Addressing sustainability in photopolymerization: comparative LCA study of six synthetic routes of 1-hydroxycyclohexyl phenyl ketone as photoinitiator for copolymer applications

Abstract

Photoinitiators have long been investigated as alternatives to thermal initiators with the aim of reducing polymerisation temperatures and, consequently, heat consumption. The synthesis of poly(vinyl acetate-co-crotonic acid) represents a suitable case for exploring photoinitiation strategies. In this context, the performance of various commercial photoinitiators has been experimentally tested, and hydroxycyclohexyl phenyl ketone (HCPK) demonstrated its effectiveness with respect to other alternatives. Then, life cycle assessment (LCA) was applied to compare six alternative synthetic routes to produce HCPK, considering three different data sources: laboratory scale, advanced process calculation, and software-assisted modelling, with the latter two representative of the industrial scale. Among the six synthetic routes analysed, the pathway involving an initial α-chlorination of cyclohexyl phenyl ketone followed by a nucleophilic substitution emerges as the environmentally preferable option. As expected, a general decreasing trend in environmental impacts is observed when moving from laboratory-scale modelling to software-assisted industrial-scale modelling, likely due to process optimization at larger scales.
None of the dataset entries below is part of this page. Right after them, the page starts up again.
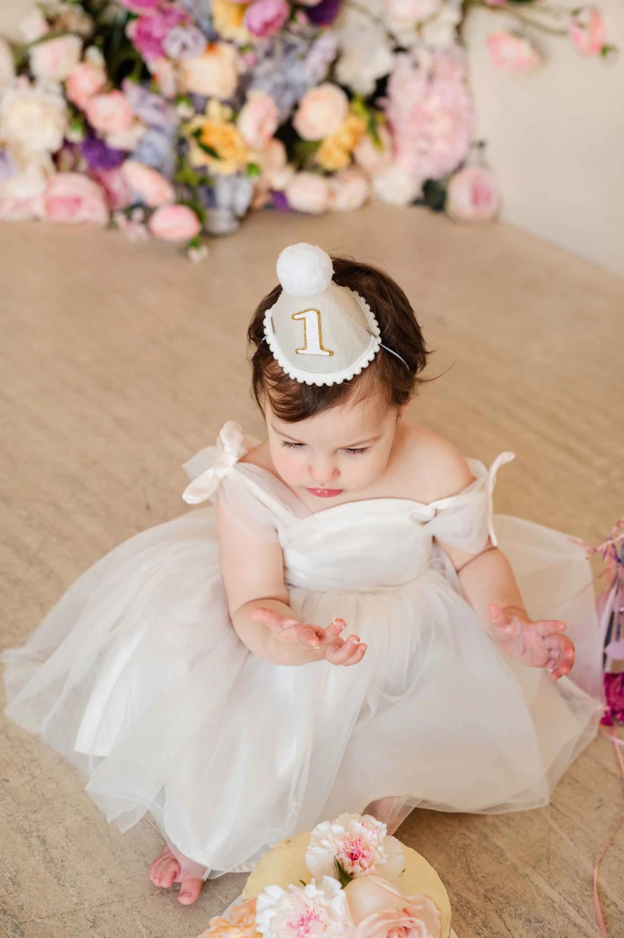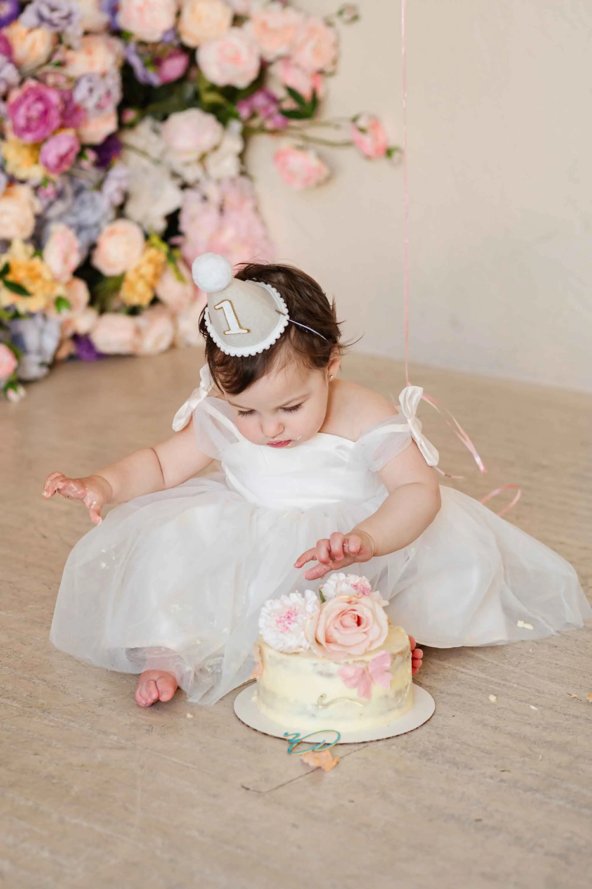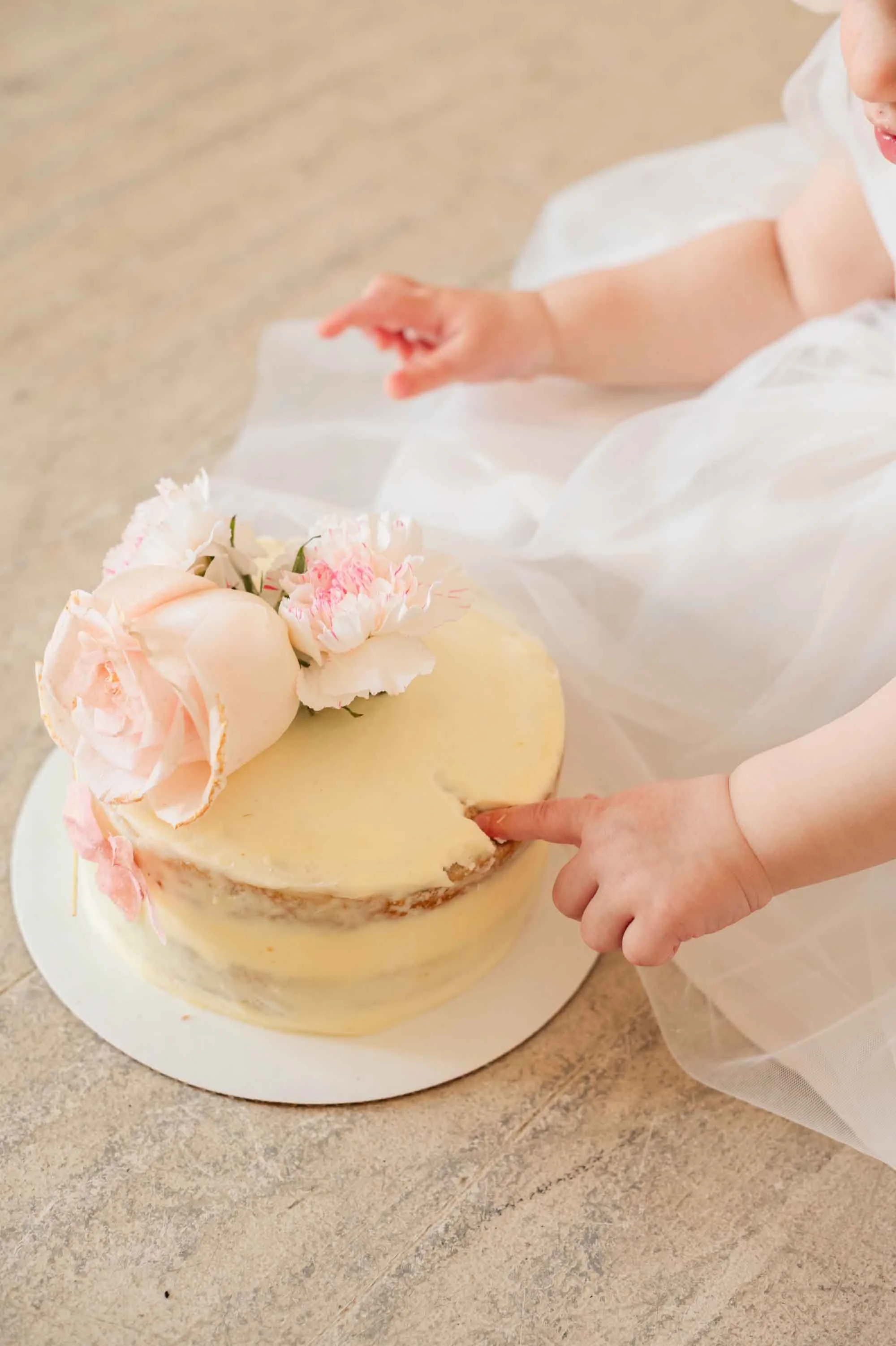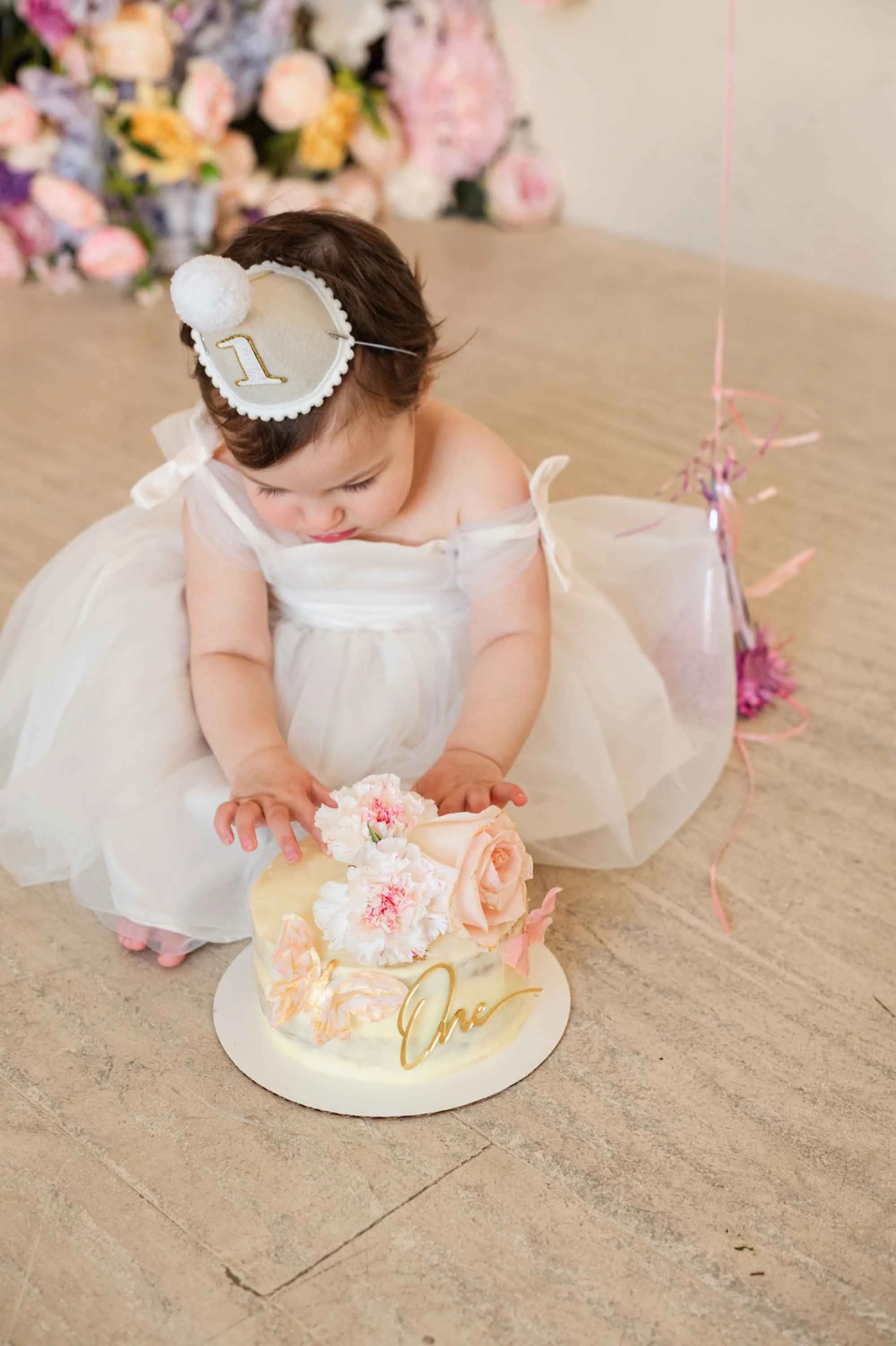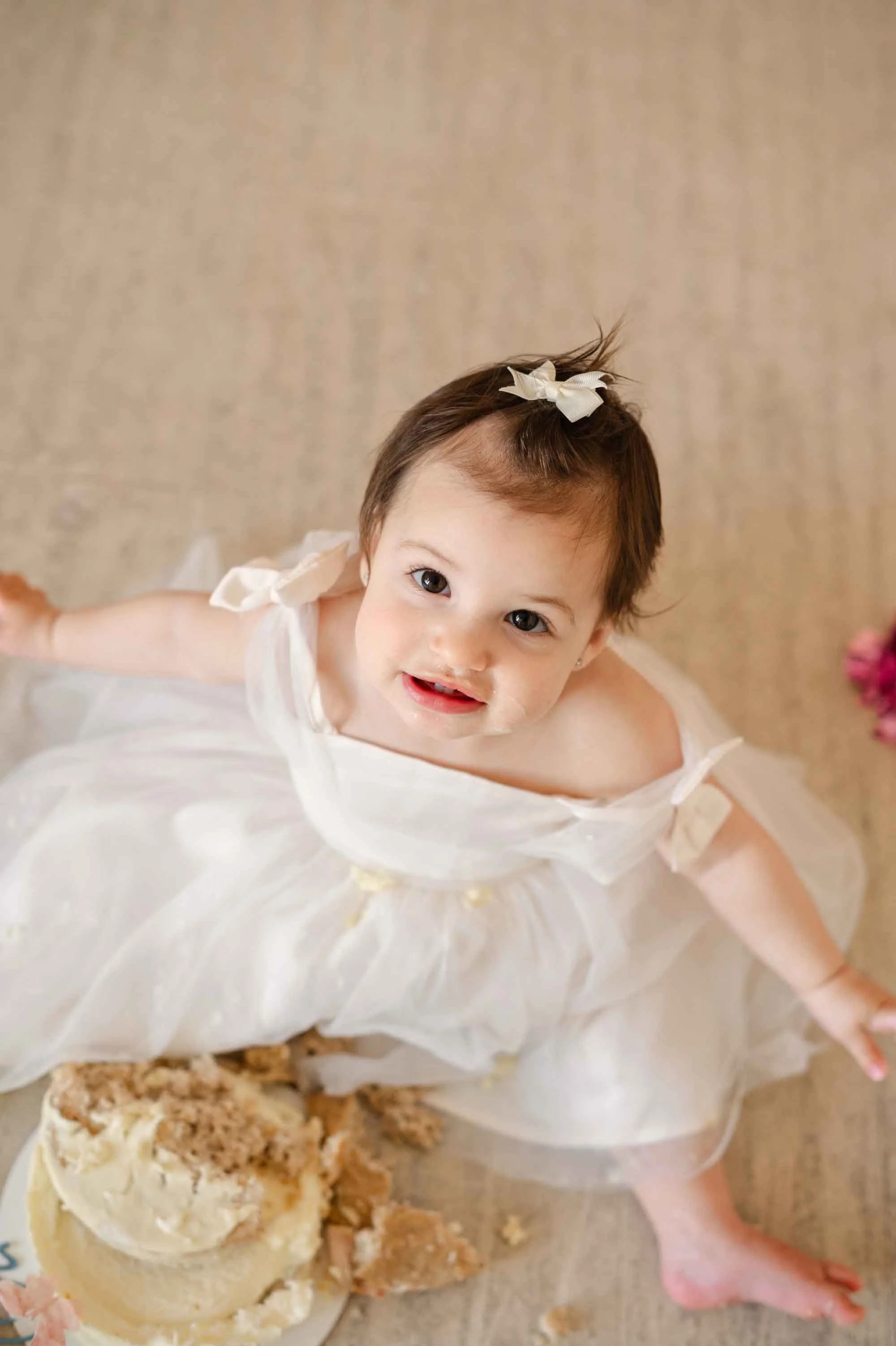 Then came the main event: the Cake Smash. As soon as the pastel cake was placed in front of her, her face lit up in the most adorable way. From delicate pokes to full, enthusiastic handfuls, she explored every bit of frosting with pure delight. Sticky fingers, sweet smiles, and endless giggles—it was the perfect combination of chaos and cuteness that makes first birthday sessions so memorable.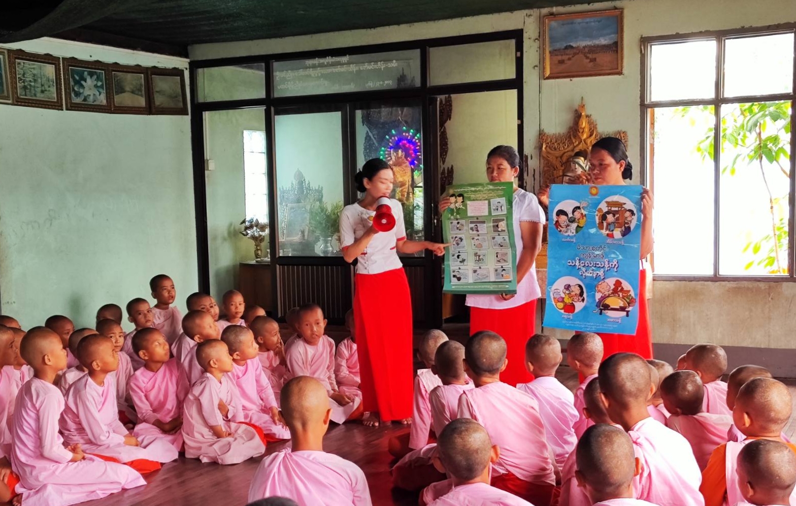 ရန်ကုန်တိုင်းဒေသကြီး၊ မင်္ဂလာဒုံမြို့နယ်တွင် ကျောင်းကျန်းမာရေး အသိပညာပေးဟောပြောပွဲနှင့် သွေးလွန်တုပ်ကွေးရောဂါ ကာကွယ်နှိမ်နင်းရေးလုပ်ငန်းများ ကွင်းဆင်းဆောင်ရွက်ခြင်းကို ပညာသိင်္ဂီဘုန်းတော်ကြီးပညာသင်ကျောင်းနှင့် ဇလွန်ဘုန်းတော်ကြီးပညာသင်ကျောင်းများ၌ ဇူလိုင် ၁ ရက်နေ့ မွန်လွဲပိုင်းက ကွင်းဆင်းဆောင်ရွက်ကြသည်။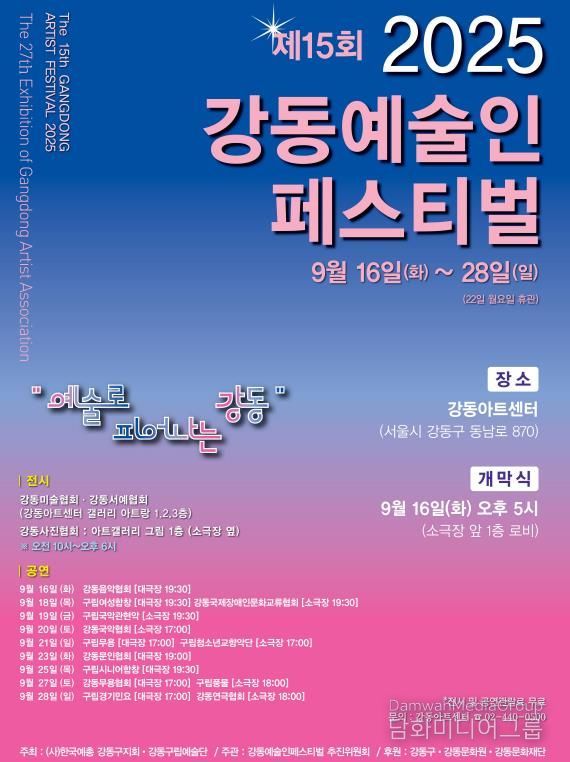이수희 강동구청장은 “올해로 15회를 맞은 강동예술인 페스티벌은 강동이 가진 문화적 저력을 보여주는 대표적인 행사”라며 “앞으로도 지역 예술인의 창작 활동을 꾸준히 지원하고, 강동예술인 페스티벌을 주민과 함께하는 열린 축제로 더욱 발전시켜 나가겠다”고 말했다.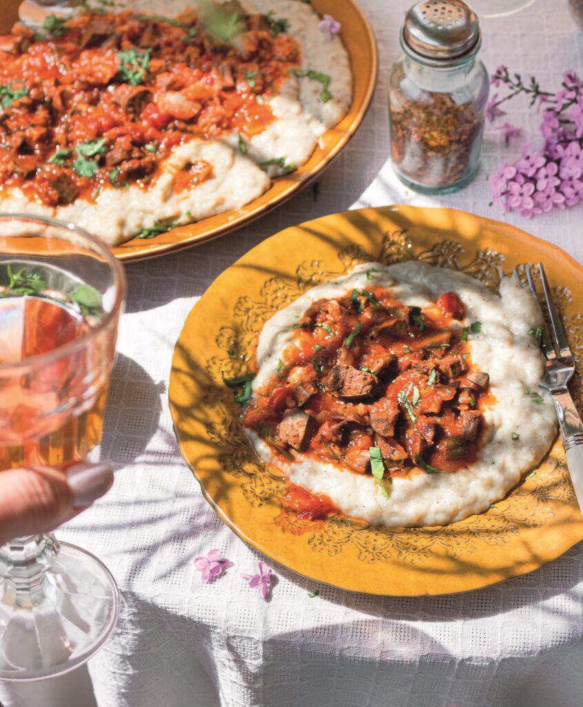 Κοκκινιστή συκωταριά με πουρέ μελιτζάνας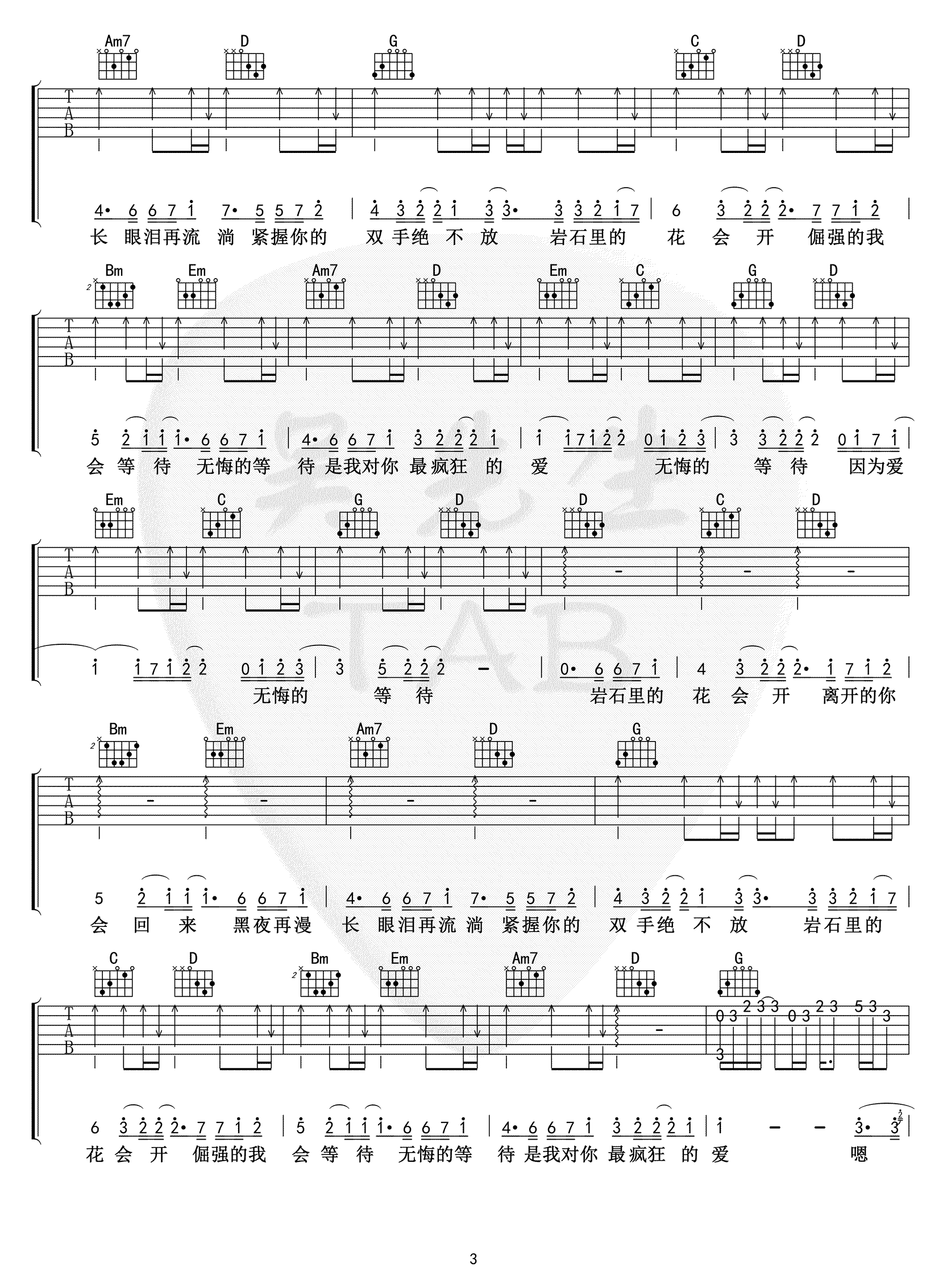 当前位置:琴谱网>吉他弹唱>岩石里的花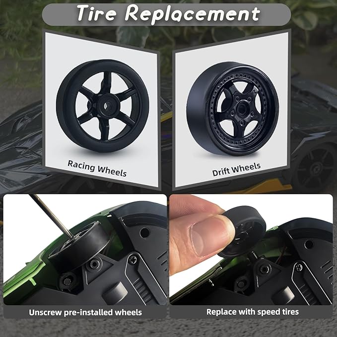 - Tire Configuration: Drifting car comes with 4 speed racing tires and 4 drift tires. When you want to show off this high-speed RC drift car with stunts, you can drift on smooth boards, tiles, tracks with better handling and good agility, and when you want to make it a sports car, the racing tires will be your better choice. One toy car double fun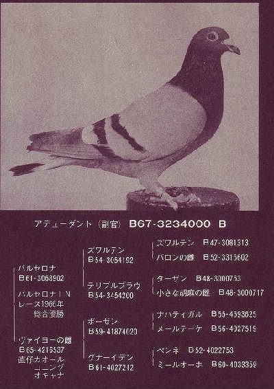 知人の宮井様が稚内GV(実距離1,365K)総合優勝いたしました。 20-53784 B ♂ 5歳です。 今までに900KGC総合13位他に900kを飛んでおります。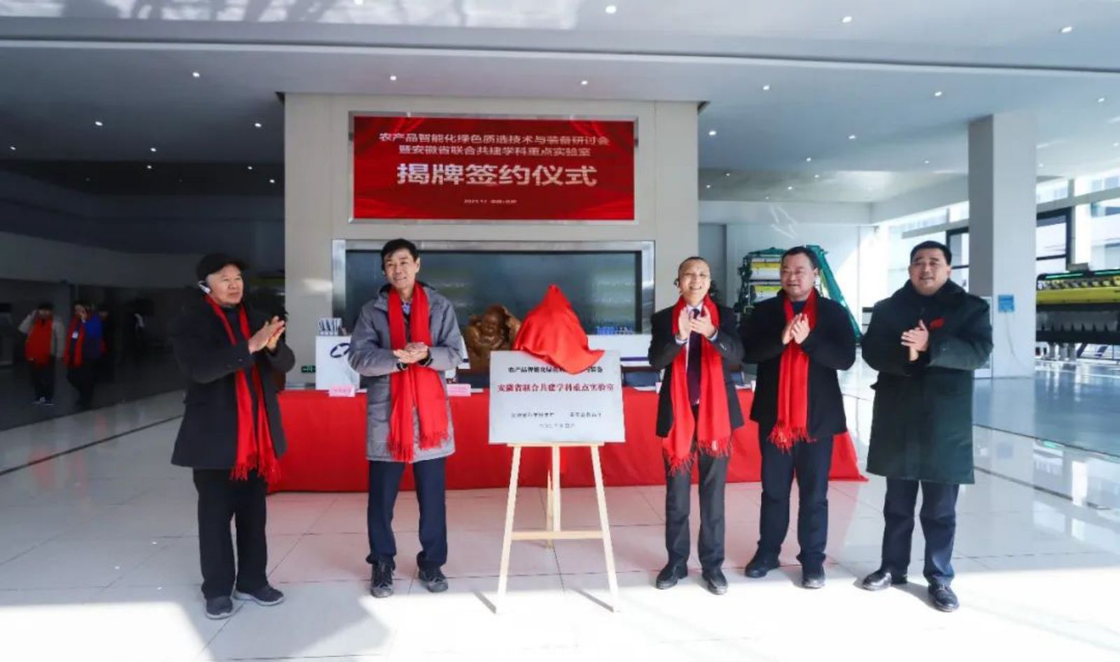 随后,在参观了实验室及产品研发体验中心后,原安徽省农业科学院院长、研究员、博导杨剑波,原农业农村厅一级巡视员、安徽省绿色食品产业发展服务联盟名誉理事长王华,捷迅光电董事长高小荣,安徽省绿色农产品质量安全管理站(绿色食品管理办公室)站长刘成美,捷迅光电常务副总经理陈振林共同为实验室揭牌?/p>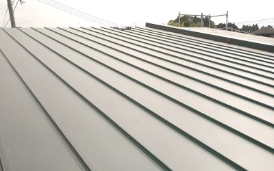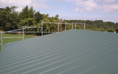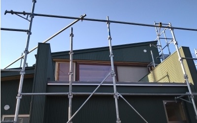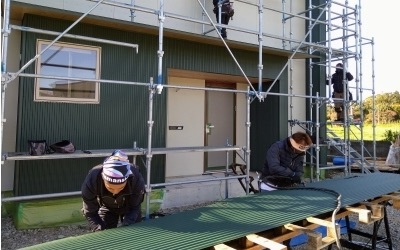 建物の最上部ではガルバリウム鋼板材による屋根工事が行われました。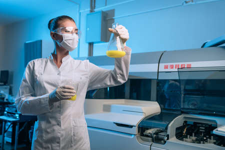 Woman Laboratory assistant conducts experiments in the laboratory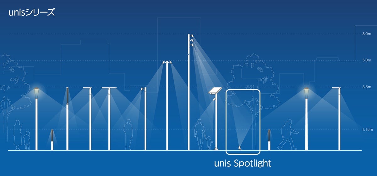 岩崎電気は、景観街路照明のフラッグシップモデル「unis(ユニス)」シリーズに「スポットライト」12形式を新ラインアップ。2月7日より発売します。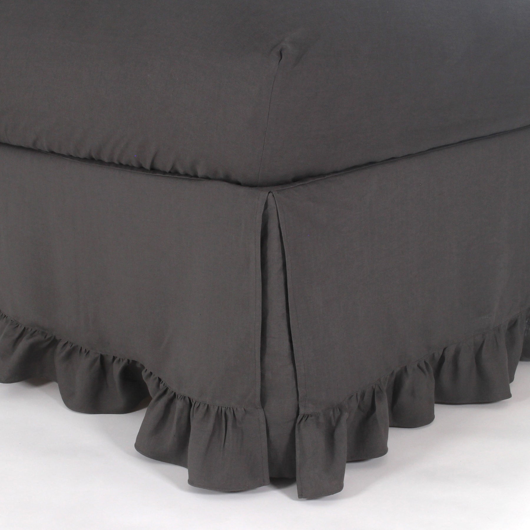 Bettvolant aus Leinen mit Rüschen - Bleigrau

Overall, the study demonstrates that the synthesis of poly(vinyl acetate-co-crotonic acid) is feasible through photopolymerization and that HCPK behaves better than thermal initiators like benzoyl peroxide under the same conditions. While laboratory-scale LCA constitutes a valuable preliminary screening tool, more accurate early-stage LCA modellling is likely achieved through industrial-scale simulation.